(Beginning of Data block)
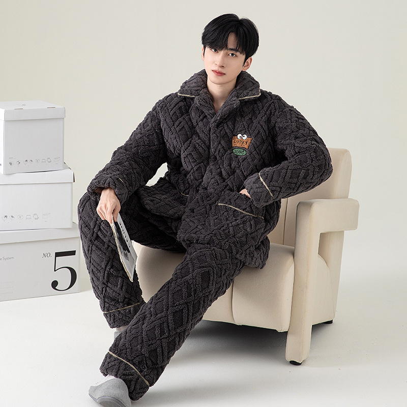 新しいパジャマの男性の冬のサンゴの毛の3層は綿を挟んで厚いベルベットの保温のカーディガンをプラスして襟をひっくり返して家の服を着ることができます。
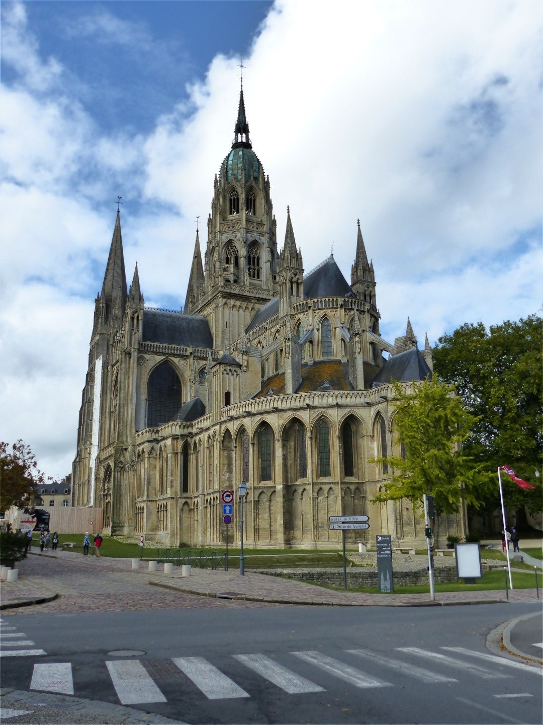 As mentioned in my last post, Normandy has seen history changing events prior to D-Day.  The Norman conquest of England in 1066 was launched by William the Conqueror, then Duke of Normandy.  The events of that conquest are recorded in the famous Bayeux Tapestry that Anne has referred to.  It has its own interesting history and is a must see if near Bayeux.  However, having viewed it twice myself, I elected to explore the old center of Bayeux while Anne made a return pilgrimage.  Bayeux came through the war relatively unscathed and still has many original buildings including an impressive cathedral that’s not terribly well known.  The Bayeux Tapestry hung there for many years before being moved to its current location. (note: That museum is due to be renovated & upgraded in 2020/22 and the tapestry will be on loan to the U.K. where the battle took place.)
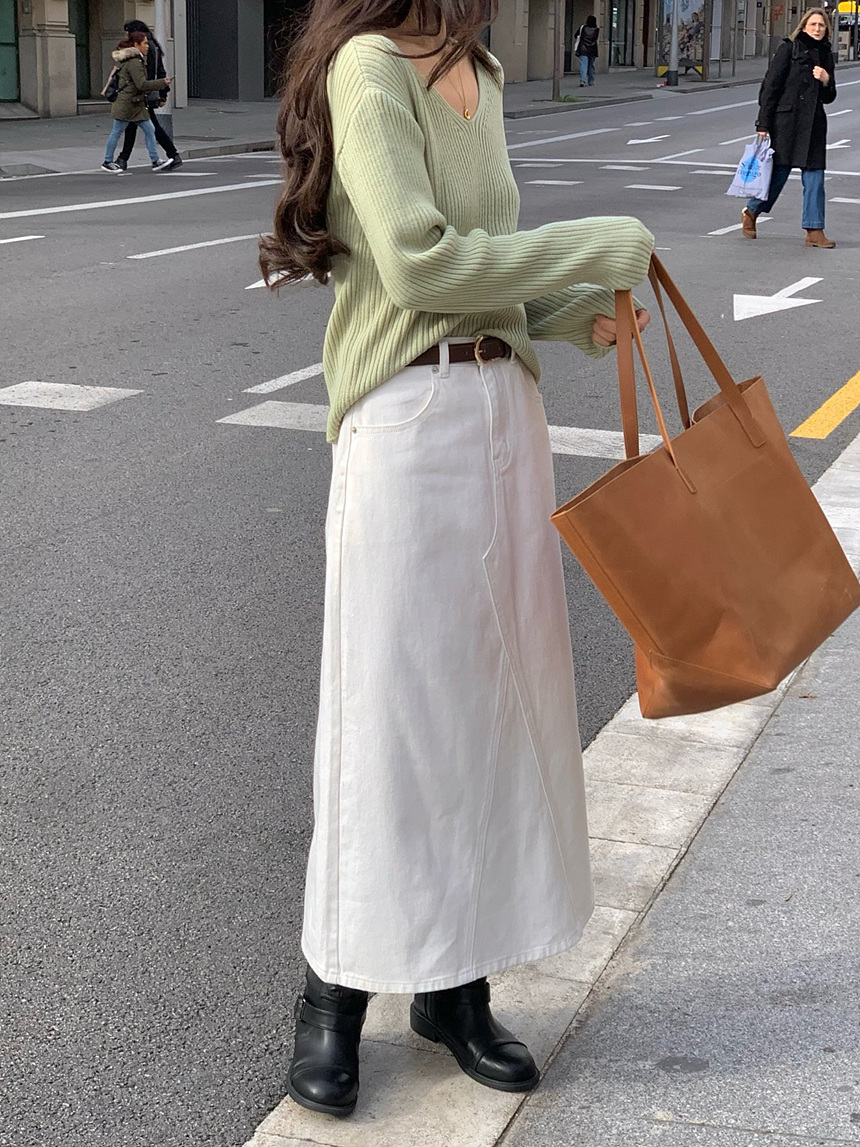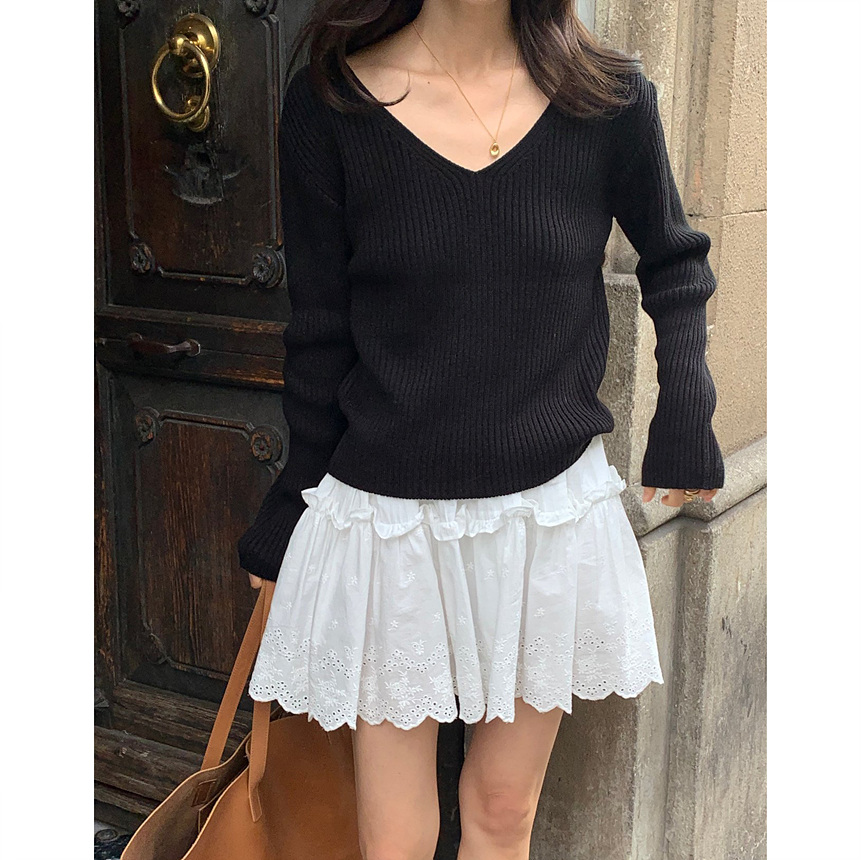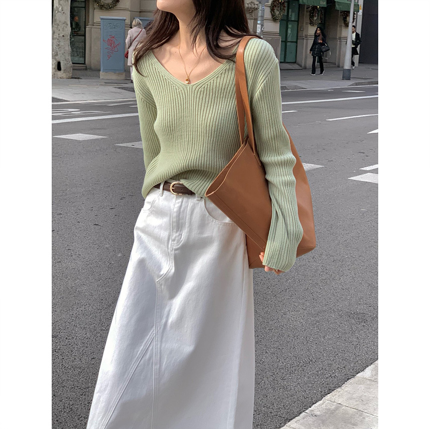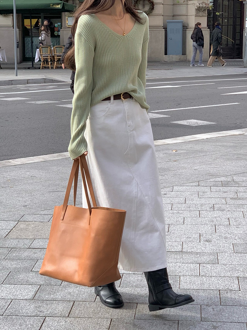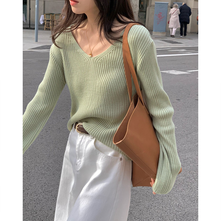 바로발송 가을 골지 브이넥 니트
(End of Data block)
**Description of the task**
Exclude every picture, then reproduce the remaining data character for character.

**Response to the exercise**
 新しいパジャマの男性の冬のサンゴの毛の3層は綿を挟んで厚いベルベットの保温のカーディガンをプラスして襟をひっくり返して家の服を着ることができます。
 As mentioned in my last post, Normandy has seen history changing events prior to D-Day.  The Norman conquest of England in 1066 was launched by William the Conqueror, then Duke of Normandy.  The events of that conquest are recorded in the famous Bayeux Tapestry that Anne has referred to.  It has its own interesting history and is a must see if near Bayeux.  However, having viewed it twice myself, I elected to explore the old center of Bayeux while Anne made a return pilgrimage.  Bayeux came through the war relatively unscathed and still has many original buildings including an impressive cathedral that’s not terribly well known.  The Bayeux Tapestry hung there for many years before being moved to its current location. (note: That museum is due to be renovated & upgraded in 2020/22 and the tapestry will be on loan to the U.K. where the battle took place.)
 바로발송 가을 골지 브이넥 니트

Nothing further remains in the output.